ETA: what ISiddiqui just said.

I’m not Catholic nor particularly small-o ‘orthodox’, and the ‘outside of time’ thing has never made much sense to me. That being said, my understanding of classical Roman Catholic thought is that glorified saints, angels, demons, etc. are ‘aeviternal’: they aren’t outside time, but they don’t experience it the same way we do, and thus the Virgin Mary can listen to prayers simulaneously. Googling the term takes you to Thomas Aquinas: I’m not going to try to expound the concept since I don’t understand it, but sufficie it to say that Catholics believe they have an answer to the question.

I was raised a Catholic, though the family stopped going, and fell away from the church when I was still a youngster.
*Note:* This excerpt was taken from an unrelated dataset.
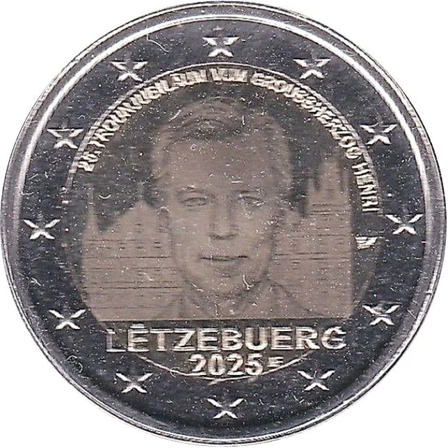 Portrait of Grand Duke Henri before the Grand Ducal Palace. Above, "25. TROUNJUBILÄUM VUM GROUSSHERZOG HENRI" arches at the top. Below are "LËTZEBUERG", the initials "MF", and "2025". The outer ring features the twelve stars of the European flag.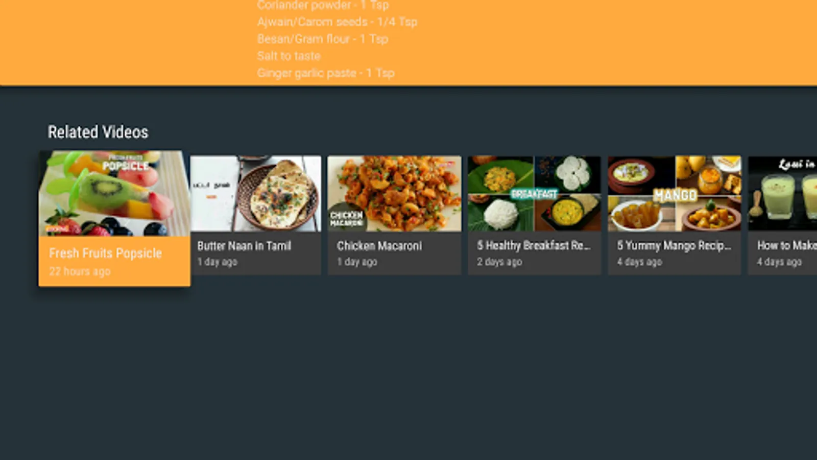 Videos contain ingredients, recipe and step by step instructions from our host. Users can search for recipes using the search option on the app or browse and choose from the playlist.

But it’s wrong to really ever call me a Catholic because even as a child the whole thing was a little too, ‘Emperor’s New Suit’, to me. Everybody just going along, afraid to ask any hard questions or look too closely.

I am now a Buddhist, attend a temple and have ‘taken refuge’. I came to Buddhism via my travels. I visited several Buddhist countries and found the people so open it almost seemed childlike. I loved that! I began to read a lot of Buddhism. And found myself magnetically drawn to Buddhist places and people. It would be several years before it ever occurred to me that I should practice it myself, I’m embarrassed to admit. Initially I thought it was just intriguing and interesting. A way of stretching my mind to think differently.

It was easy to see that traveling was having a very positive influence on me, it took some time for me to see the Buddhism I’d been reading, and exposing myself to, WAS having an effect on how I viewed and conducted myself and my life. A positive effect. When that happens unexpectedly it’s pretty powerful. But I think my friends all knew I was turning into a Buddhist before I did, to be truthful!

The only time, what your religion is, comes up, around these parts, seems to be when there are evangelical Christians at the door. And telling them you’re a Buddhist sends them packing instantly as they have no idea about that at all. It’s actually kinda funny.

Interesting side effect, of curious nature, is that a few times I’ve been sought out for a conversation akin to, “My Dad’s dying, we’re all scared, you’re a Buddhist, what can I say to my Dad?” I’ve obviously horribly abbreviated, but you get the point. I’m never sure why they feel I possess some special insight into such things, and assume they are just clutching at straws for hope or comfort. Having nursed someone to their death I can offer them some comfort, I hope, but there isn’t anything Buddhist about any of it, other than my attitude, I expect.